I hope these posts dont discourage you from posting vids, cause Im sure most enjoyed watching it. Its just when we see something that poses a threat to safety of a tree man we gotta speak up.

The operator would be able to take much larger picks if they were picked off smoothly. Id make sure he has that his boom inspection current. Boom failures happen due to uncareful operators.


----------



## clearance (Jul 29, 2007)

I am glad you posted this. I have worked around a lot of cranes, hiabs, stingers, Demags and hammerheads over the years in construction, mostly. Don't take this wrong, but the one thing that decides whether I trust an operator with my life or not is how smooth they are with the load. Slow, steady and above all, smooth. I am not putting you guys down at all, this is what I like, its easier on the men and the equipment. I understand that the crane was in no way near its limit, but still, shock loads are nfg on a crane. Cheers Jim


----------



## ggttp (Jul 30, 2007)

*I give up.* Never once did a limb come near the climber. For the crane operator with 30 years of experience, if he wants to swing the limbs away then fine as long as they do not come close to my climber or damage any thing.


----------



## John464 (Jul 30, 2007)

ggttp said:


> *I give up.* Never once did a limb come near the climber. For the crane operator with 30 years of experience, if he wants to swing the limbs away then fine as long as they do not come close to my climber or damage any thing.

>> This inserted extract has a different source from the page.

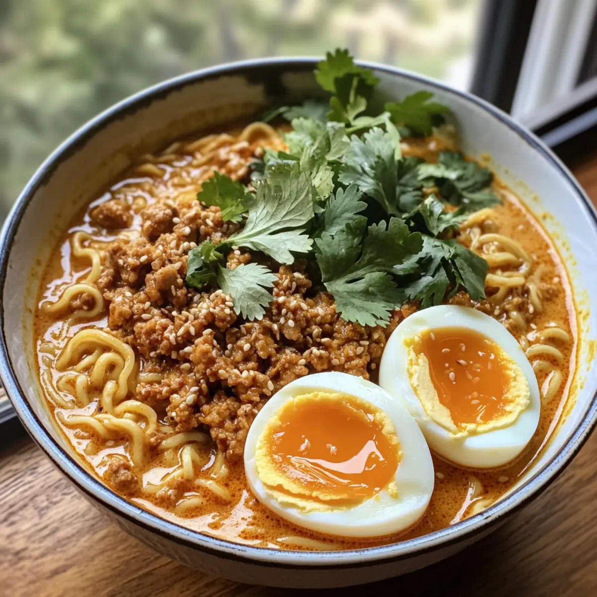 Sipping on a steaming bowl of Thai Coconut Curry Ramen is like wrapping yourself in a cozy blanket on a brisk evening. In just 30 minutes, you can whip up this delightful dish that combines the creaminess of coconut milk with the aromatic kick of red curry paste. The beauty of this ramen lies not only in its warm, comforting broth but also in its incredible versatility—customize it with your choice of protein and veggies, making it a quick and easy meal perfect for busy weeknights. Plus, it’s gluten-free optional, so everyone can join in on this flavorful experience. Are you ready to dive into a bowl of this culinary delight? Why is this ramen a must-try? Quick, easy dinner solution: Whip this up in just 30 minutes—perfect for busy weeknights! Customizable goodness: Choose from various proteins and veggies to suit your taste preferences or dietary needs. Rich, creamy flavor: The delightful combination of coconut milk and red curry paste creates a warming, indulgent broth. Versatile ingredients: Swap in gluten-free noodles or different curry pastes for endless variations! Crowd-pleaser: It’s comforting and flavorful, making it a hit with family and friends alike. If you’re curious about more quick meals, check out my Fiery Chicken Ramen for another tasty option! Thai Coconut Curry Ramen Ingredients • Perfect for crafting your own bowl! For the Broth Instant Ramen Noodles – The ideal base; remember to discard the flavor packets! Canola Oil – Great for sautéing; swap for vegetable or peanut oil if desired. Shallots – Infuse sweet onion flavor; yellow onion works if shallots are unavailable. Red Curry Paste – Provides essential heat and depth; brands like Mae Ploy or Thai Kitchen are recommended. Tomato Paste – Adds a touch of sweetness; feel free to omit for a lighter taste. Garlic – A must-have for aroma and flavor; use fresh for the best results. Fresh Ginger – For a warm and spicy note; ground ginger can be a helpful substitute. Coconut Milk – Delivers a creamy texture; opt for full-fat for richness or lite for fewer calories. Chicken Stock – The foundational liquid for the broth; substitute vegetable broth for a vegetarian version. Toasted Sesame Oil – Imparts a rich, nutty flavor; opt for regular sesame oil if needed. For the Protein Ground Pork – The main protein in this version; substitute ground chicken, turkey, or tofu for a vegetarian delight! For the Heat Fresno Chili – Adds that spicy kick; any medium-hot chili will do the trick. Fish Sauce – Essential for a true umami experience; use soy sauce as a vegetarian swap. Kosher Salt & Black Pepper – For seasoning; adjust to suit your taste. For Garnishing Soft-Boiled Eggs – These create richness as a topping; feel free to substitute with poached or hard-boiled eggs. Fresh Cilantro – Adds a burst of fresh flavor; mint or green onion works too. Green Onions – Enhances texture and flavor; can skip if you’re in a pinch. Toasted Sesame Seeds – Optional but adds a nice crunch to the dish. Step‑by‑Step Instructions for Thai Coconut Curry Ramen Step 1: Cook Noodles Begin by bringing a pot of water to a boil over high heat. Add the instant ramen noodles and cook for just 2-3 minutes until they are tender yet al dente. Drain the noodles in a colander and set them aside to keep warm while preparing the broth for your Thai Coconut Curry Ramen. Step 2: Sauté Aromatics In a large pot, heat 2 tablespoons of canola oil over medium heat. Add in the sliced shallots and sauté for about 3 minutes until they turn translucent and fragrant. This base adds a sweet onion flavor to the broth, creating a perfect foundation for your Thai Coconut Curry Ramen. Step 3: Build Flavor Stir in 2 tablespoons of red curry paste along with 1 tablespoon of tomato paste, 2 minced garlic cloves, and 1 tablespoon of freshly grated ginger. Cook for 2 minutes, allowing the mixture to become aromatic and beautifully blended. The vibrant colors and scents signal that it’s time to add the liquid ingredients for your broth. Step 4: Prepare Broth Pour in one can of coconut milk and 3 cups of chicken stock, stirring to combine everything. Increase the heat and bring the mixture to a boil. Once boiling, reduce the heat to low, cover the pot, and let it simmer gently for 8-10 minutes, allowing the flavors to meld beautifully in your Thai Coconut Curry Ramen. Step 5: Cook Pork In a separate skillet, heat 1 tablespoon of toasted sesame oil over medium-high heat. Add 1 pound of ground pork along with a minced Fresno chili and another garlic clove. Cook for 3-5 minutes until the pork is browned and cooked through, stirring occasionally to ensure even cooking. Season with fish sauce, kosher salt, and black pepper to taste. Step 6: Serve Divide the warm cooked noodles into serving bowls. Carefully ladle the rich broth over the noodles, then top each bowl with a generous portion of the sautéed pork. Finally, add halved soft-boiled eggs, a sprinkle of fresh cilantro, sliced green onions, and toasted sesame seeds for that perfect finishing touch to your Thai Coconut Curry Ramen. Thai Coconut Curry Ramen Variations Feel free to unleash your culinary creativity and make this dish uniquely yours with delightful twists and substitutions! Alternate Protein: Swap pork for ground chicken, shrimp, or tofu for a vegetarian delight. Each option offers a unique character to the dish! Curry Paste Options: Use green curry paste instead of red for a vibrant change. This simple switch can brighten up the flavors in an unexpected way. Vegetable Boost: Toss in any combination of veggies like bok choy, snap peas, or mushrooms. This not only adds nutrition but brings delightful colors to your bowl. Noodle Variety: Try different noodles like udon or soba, or choose gluten-free options for a versatile dish that caters to everyone. Spice Level Adjustment: For a milder experience, reduce the Fresno chili or omit it entirely. You can always add a dash of chi

his picks are not suppose to swing away from the climber. A qualified crane op does not let pieces swing at all in any direction. A crane op needs to center the boom directly above the log and pick it straight up. This is done by hand signals from climber to crane op. Regardless of how many yrs he has been doing it , on this particular job he did not operate his crane according to standard and safe practices amongst tree care.


----------



## ggttp (Jul 30, 2007)

John464 said:


> his picks are not suppose to swing away from the climber. A qualified crane op does not let pieces swing at all in any direction. A crane op needs to center the boom directly above the log and pick it straight up. This is done by hand signals from climber to crane op. Regardless of how many yrs he has been doing it , on this particular job he did not operate his crane according to standard and safe practices amongst tree care.

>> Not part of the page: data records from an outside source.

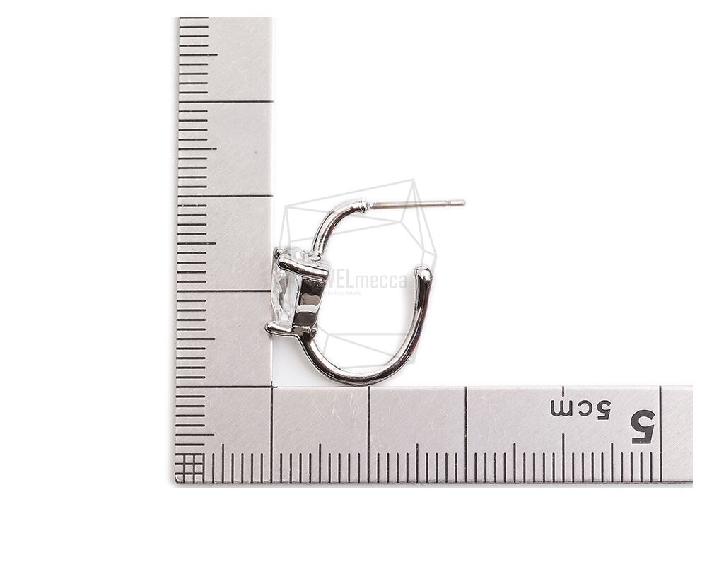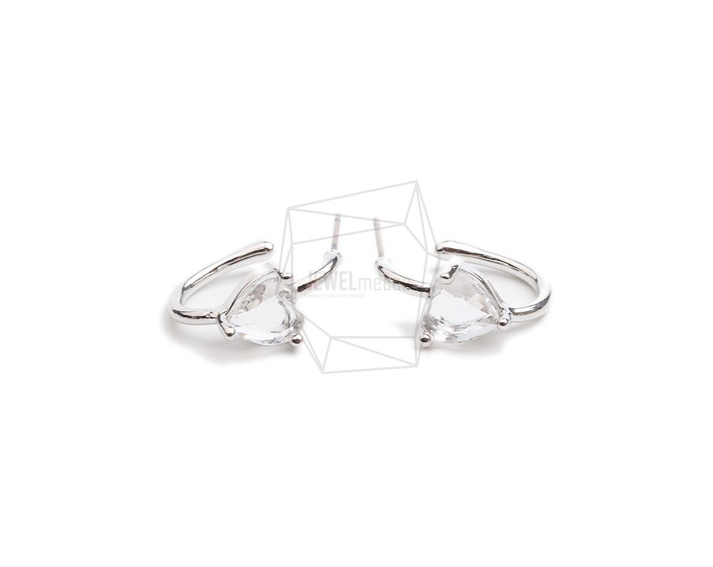 ERG-2331-R/2Pcs-Triangle Glass Post Earring/9.2mm x 19.2mm /Rhodium Plated over Brass.Titanium post
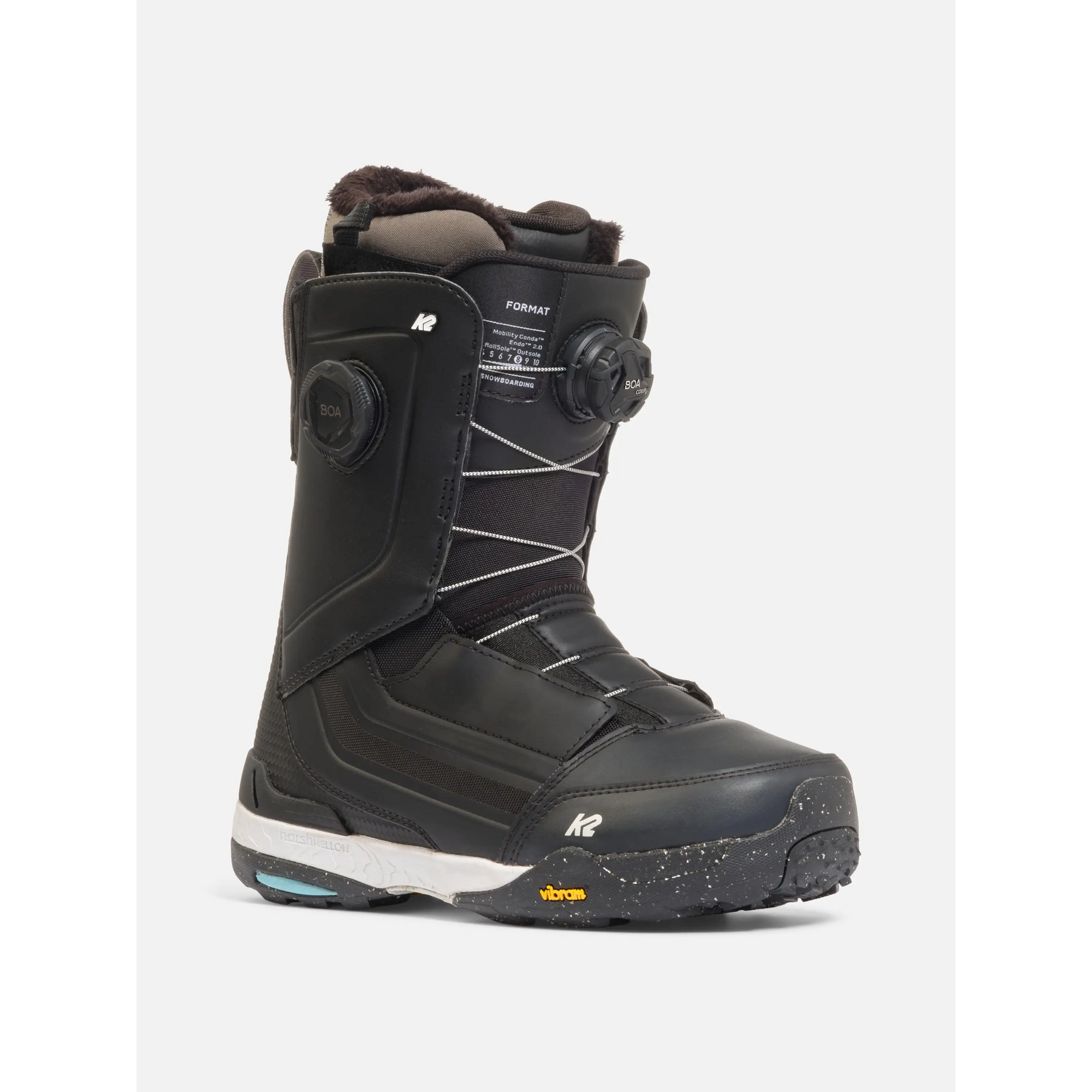 The Format is packed with tech. It starts with a foundation of a zonal closure system and articulating cuff to reduce shell distortion and provide consistent heel hold. The shell lacing features the H4/M3 Zonal BOA® Fit System with TX3 BOA® Rope Laces. The upper shell lacing powered by an H4 Coiler BOA® dial and the lower shell lacing controlled by an M3 BOA® dial, allowing the rider to independently control the upper and lower zones of the boot for the perfect fit.
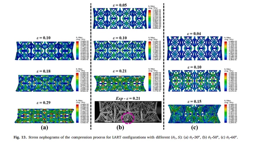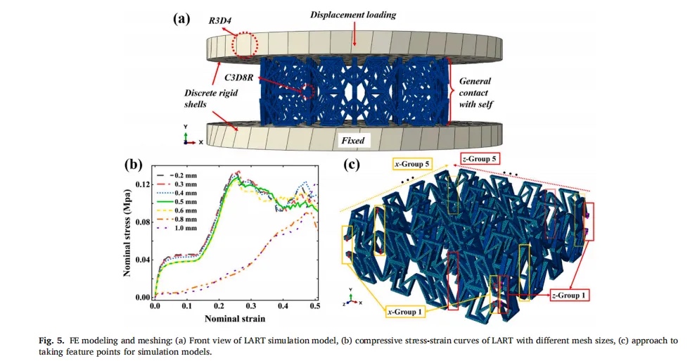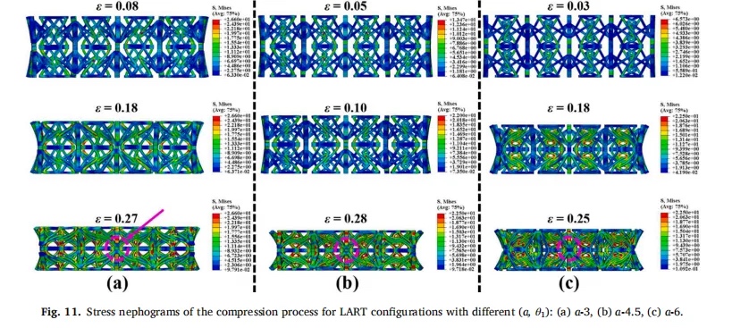 通过实验和有限元 (FE) 模拟相结合的方式,研究了 LART 在准静态压缩下的破碎响应以及结构参数对力学性能的影响。结果表明,LART 具有明显的 NPR 性能,并且可以通过改变参数来调节 LART 的力学性能。此外,还使用 FE 模拟研究了壁厚和单元数量对 LART 的影响。最后,将 LART 与 2D-ART 和 3D 重入晶格结构 (3D-RE) 进行了比较,以突出设计优势。

I know all this swinging is so terrible, limbs should never swing. Limbs Stupid me I should have known an 18 ton crane that picks up steel girders that weigh several ton can't handle a 1000 - 1500lbs limb swinging. I don't want to see any more swinging of limbs you video posters. 

No matter I would rather have a limb go away from me than towards me any day. I know I know some of you guys like limbs hovering above your head rather than use the dreaded swing. 



P.S Swinging is not shock loading, and remember no swinging you guys. :censored:


----------



## Ekka (Jul 31, 2007)

Now a crane and a bucket together is real great fun.

That's the way your really get cracking when it comes to bringing it down fast.

No way would rigging that tree beat a crane.


----------